If you were me, then there are certain questions you should be asking yourself. Important questions that should be pondered, weighted, and considered. Questions like “Why am I in Michelle’s head asking questions?” or “When is she going to run out of blog post ideas? Isn’t this getting ridiculous?”
Anyway, if you find a secret door, like the one in Being John Malkovich, but the door leads to my brain and not John Malkovich’s brain, then here are the questions you should ask yourself:
Will I ever be able to eat a salad without getting salad in my hair? Probably not, but you keep trying. You never know.
Why won’t I learn how to use goddamn Scrivener and work on my stupid book idea?
If I chop jalapenos for chili, how many times will I rub my eyes before remembering that eye rubbing equals “face on fire” level pain? The answer is three. Three times.
Will I believe Randy when he says washing my hands in Dawn will remove all jalapeno oil from my hands? Yes.
Will I test Randy’s theory by rubbing my eyes immediately after washing my hands with Dawn? Yes.
Did Dawn dish washing liquid effectively remove jalapeno oil from my hands? No.
Could I at least try not mourning on a Sunday night? I don’t know. Maybe, Monday won’t suck.

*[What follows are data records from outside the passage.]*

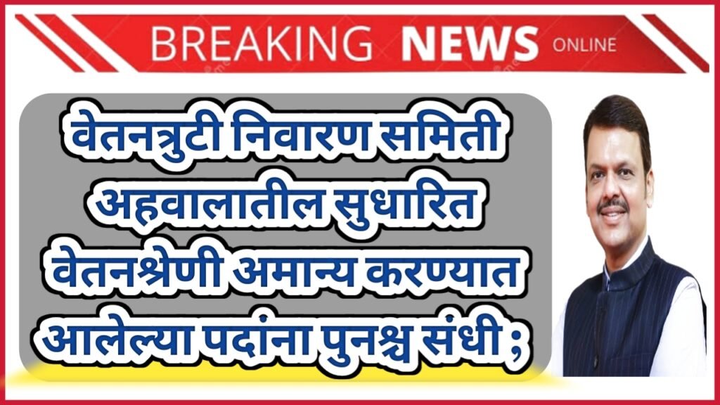 Marathisanhita चंदना पवार प्रतिनिधी [ Re-appointment of posts whose revised pay scale in the Pay Deficiency Redressal Committee report was rejected ] : वेतनत्रुटी निवारण समिती म्हणजेच खुल्लर समितीने विविध
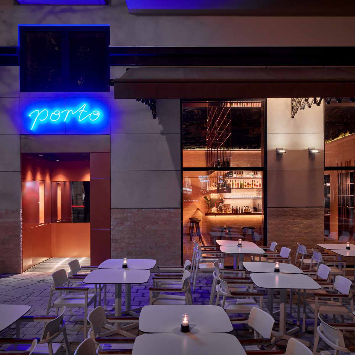 Alle Gerichte sind dekorativ angerichtet und die perfekte Ergänzung zum Angebot der Bar – das Herzstück des Restaurants und der perfekte Ort für einen Aperitif und eine Portion köstlicher Oliven. Beim Verlassen des Bistro Porto werfen wir noch einmal einen Blick in den Spiegel am Eingang und schauen in durch und durch zufriedene Gesichter. Die selbstbewusste Neonreklame hat nicht zu viel versprochen.
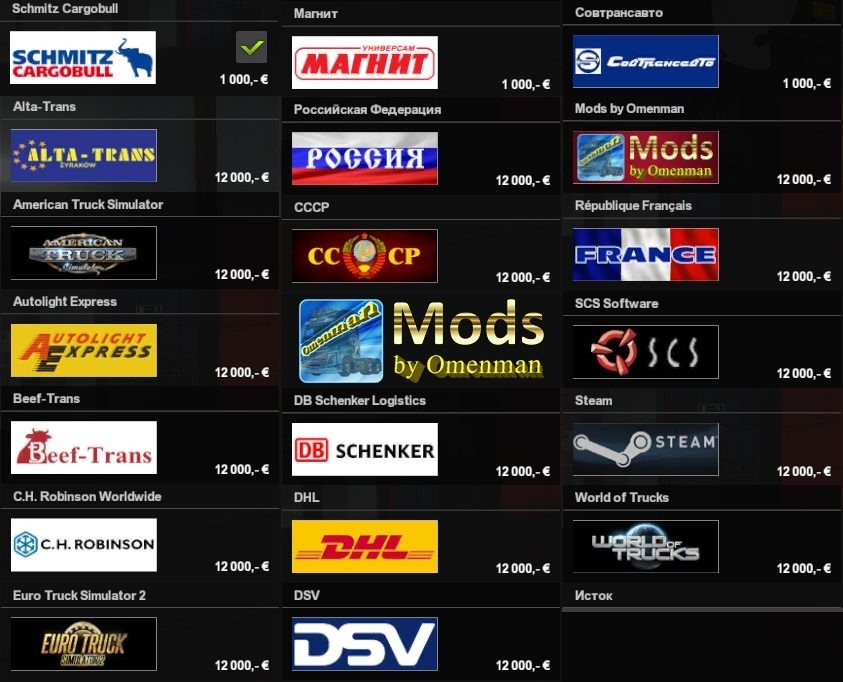 Mod of skins for the trucks Scania S, Scania R and trailer ownership. In the package 20 skins: – Alta-Trans – American Truck Simulator – Autolight Express – Beef-Trans – C.H. Robinson Worldwide – DB Schenker Logistics – DHL – DSV – Euro Truck Simulator 2 – France – Mods by Omenman – Schmitz Cargobull – SCS Software – Steam – World of Trucks – Istok – Magnit – Russia – Sovtransauto – USSR Changes in version Added 3 skins: – Schmitz Cargobull – Magnit – Sovtransauto For version 1.32 Authors: SCS, Omenman Godspeed! Credits: Omenman |
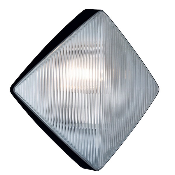 The "ribbed" face of these handcrafted glasses playfully diffuses the illumination. The opaque black finish is hand-painted. While suitable for outdoor use, the design of this luminaire easily translate into interior use.
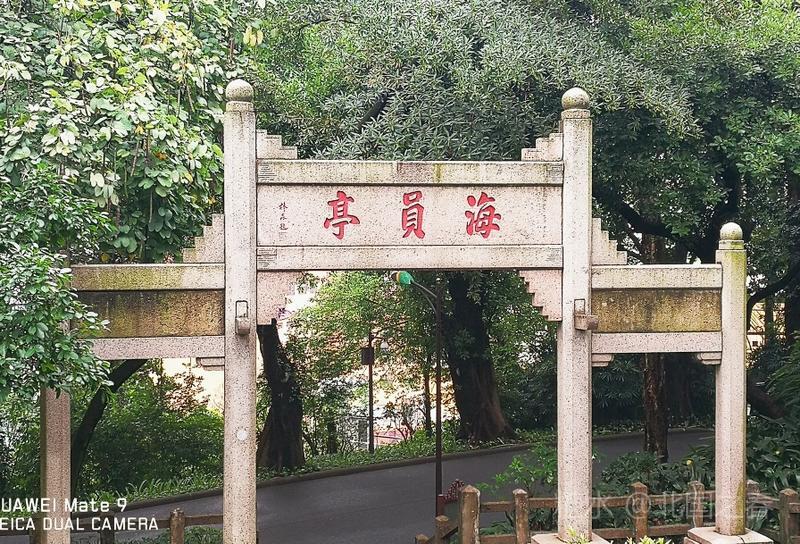 海员亭,在镇海楼东侧,是纪念香港海员大罢工而建。地面绘着蓝底黑锚白字的中华海员工业联合总会会徽,坊额镌刻“海员亭”3个楷书大字。香港海员大罢工,是中国工人阶级反帝斗争的第一次胜利,成为中国工人运动第一次高潮的起点。
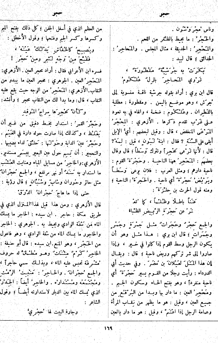 قَالَ الأَزهري: وَمِنْ هَذَا قِيلَ لِهَذَا الْمَنْزِلِ الَّذِي فِي طَرِيقِ مَكَّةَ: حَاجِرٌ. ابْنُ سِيدَهْ: الْحَاجِرُ مَا يُمْسِكُ الْمَاءَ مِنْ شَفَة الْوَادِي وَيُحِيطُ بِهِ. الْجَوْهَرِيُّ: الْحَاجِرُ وَالْحَاجُورُ مَا يُمْسِكُ الْمَاءَ مِنْ شَفَةِ الْوَادِي، وَهُوَ فَاعُولٌ مِنَ الحَجْرِ، وَهُوَ الْمَنْعُ. ابْنُ سِيدَهْ: قَالَ أَبو حَنِيفَةَ: الحاجِرُ كَرْمٌ مِئْنَاثٌ وَهُوَ مُطْمئنٌّ لَهُ حُرُوفٌ مُشْرِفَة تَحْبِسُ عَلَيْهِ الماءَ، وَبِذَلِكَ سُمِّيَ حَاجِرًا، وَالْجَمْعُ حُجْرانٌ. والحاجِرُ: مَنْبِتُ الرِّمْثِ ومُجْتَمَعُه ومُسْتَدارُه. والحاجِرُ أَيضاً: الجِدْرُ [الجَدْرُ] الَّذِي يُمسك الْمَاءَ بَيْنَ الدِّيَارِ لِاسْتِدَارَتِهِ أَيضاً؛ وَقَوْلُ الشَّاعِرِ:
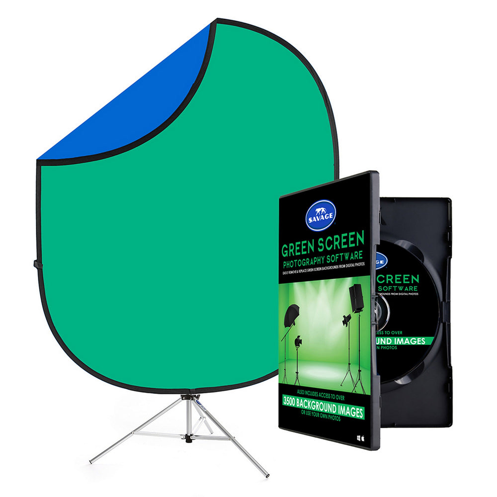 Designed for use in studio and on location, the Savage Green Screen Digital Photography Kit includes a collapsible and reversible chroma key background, aluminum background stand, and our Green Screen Wizard software (with 3,500 themed digital backgrounds) for dropping in and removing photo backgrounds with ease.
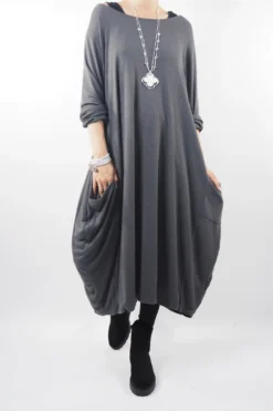 Made In Italy Chalet Classic Cocoon Knit Dress Shadow Grey

Yes. It. Will.
Wonder what Adam Ant is doing right this second?
Will I actually allow myself get drawn into a “bean water” versus “bean goo” debate?

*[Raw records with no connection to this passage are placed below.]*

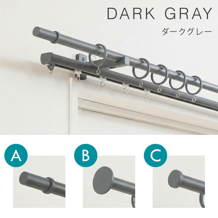 [ポール]:鋼管、[キャップ]:ABS樹脂、[シングルブラケット]:亜鉛ダイカスト、[Nダブルブラケット]:亜鉛ダイカスト、スチール、アセタール樹脂、[リングランナー]:真鍮、硬質ポリエチレン、ステンレス、[エンドリングランナー]:真鍮、ポリカーボネート、ステンレス
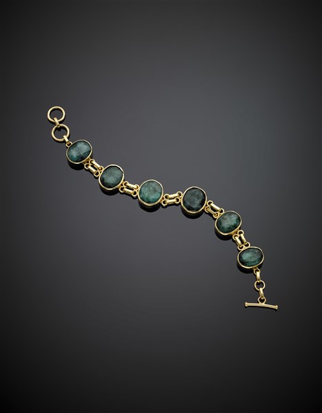 Bracciale in oro giallo con gemme verdi ovali, g 39,40 circa, lungh. cm 19,80 circa.
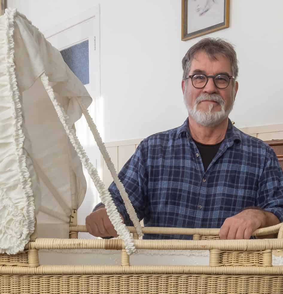 Op de foto bovenaan de pagina legt vlechter Evert Jubbega de laatste hand aan de wieg, voordat die naar de spuiter en de stoffeerster gaat.
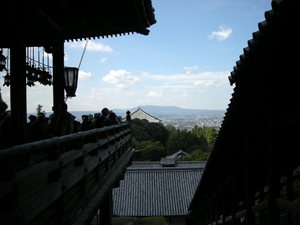 ところです。急な階段を上りきった境内からは奈良の町並みを眼下に一望でき、よく晴れた青空に
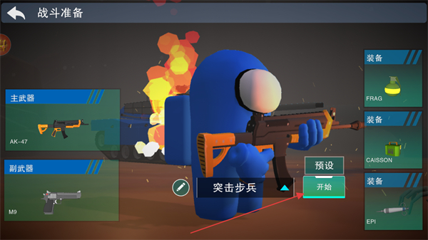 1、在战斗准备界面,选择主武器如AK-47、副武器如M9及装备,点击开始进入对战。
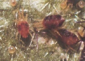 若螨:綠色,具4對(duì)足,無生殖孔,一齡和二齡若螨的體形大小、腹面毛數(shù)、生殖孔等可與成螨區(qū)別。
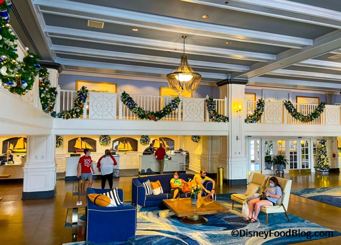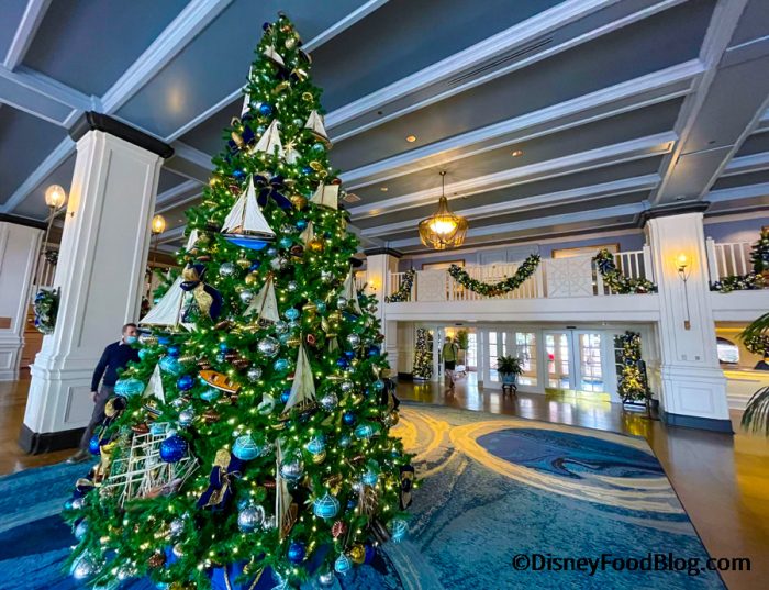 We’ve already seen the stunning Christmas village on display at Disney’s Yacht Club — it’s got a train and everything! But today, the rest of the holiday decor was up, to0!

Am I surprised that the answer to question 9 is “yes”?
How can I possibly convince another human that water, by very nature, is splashy and not goopy? That’s like saying turkey gravy and water are the same thing and you tell me how happy people will be at Thanksgiving if you dump water on their potatoes.

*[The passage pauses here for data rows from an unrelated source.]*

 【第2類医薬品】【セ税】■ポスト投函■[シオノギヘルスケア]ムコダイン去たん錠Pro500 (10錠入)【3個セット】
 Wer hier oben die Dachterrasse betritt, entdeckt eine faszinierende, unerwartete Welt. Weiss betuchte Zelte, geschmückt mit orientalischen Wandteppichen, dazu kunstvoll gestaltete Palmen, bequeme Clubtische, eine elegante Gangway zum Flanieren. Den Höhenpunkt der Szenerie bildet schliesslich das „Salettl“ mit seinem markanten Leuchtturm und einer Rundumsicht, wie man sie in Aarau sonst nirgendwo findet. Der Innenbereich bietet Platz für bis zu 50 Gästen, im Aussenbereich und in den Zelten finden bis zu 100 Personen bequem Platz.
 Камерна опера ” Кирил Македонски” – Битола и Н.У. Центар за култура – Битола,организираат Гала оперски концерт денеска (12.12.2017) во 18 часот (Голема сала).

Wouldn’t one consider a person who continues to insist that canned beans are in water and not goo to be willfully ignorant?
I mean, really, isn’t that some “alternate fact” shit right there?
Or am I taking this “bean goo” thing too far?
Will good win over evil? Please oh please oh please oh please
If someone at work asks me what I made for dinner last night and I say “chicken kiev” am I obligated to disclose that the chicken kiev was prepackaged grocery store brand chicken kiev? I did have to bake it, so there’s that.
If I could time travel, would I use it for reasons other than stopping myself from burning my forehead all those times with a curling iron?
Should I be afraid of the increase in the number of times a certain word escapes me? Honestly, that isn’t as troubling as the number of times I am asking myself “Did I take a shower already? I showered, right?”
Why did anyone think purple ketchup was a good idea?
Shouldn’t there be an international “Alan Rickman” day?
Do I have an outfit to wear to work tomorrow?
Do I think it’s a good idea to put that outfit thing off until 5 minutes before I have to walk out the door?
You’re going to wait until 5 minutes before you have to walk out the door, aren’t you?
Do I even remember what my dreams are? Not the scary green water dream. Dreams about what I want to be when I grow up.
Did I remember to clean out the litter box?
Can I try to make it through work tomorrow without breaking out in flop sweat even once?
Can I try to even think about work without flop sweat?
Can I try to be a little more patient with the other humans tomorrow?
Have I considered getting through one whole day without rolling my eyes? Although, I’m kind of afraid that will fuck with the tides.
Am I avoiding going back to the eye doctor because I enjoy not seeing anything?
When was the last time I had a massage?
Isn’t it time to get a massage? Either that or I should give the knots in my neck names. Billie Jo says hi.
Why would I name a knot in my neck “Billie Jo” ?
Why not “Ola” or “Brunhilda”?
Aren’t those names more suited for neck knots?
You know this is why people call you weird, right?
How many more years before I can just stop shaving my legs?
If I am honest, the only thing you should ask yourself if you find yourself in my head is this: Can what you are doing right now cut you or burn you? If the answer is yes, then just walk away, man. Just walk away.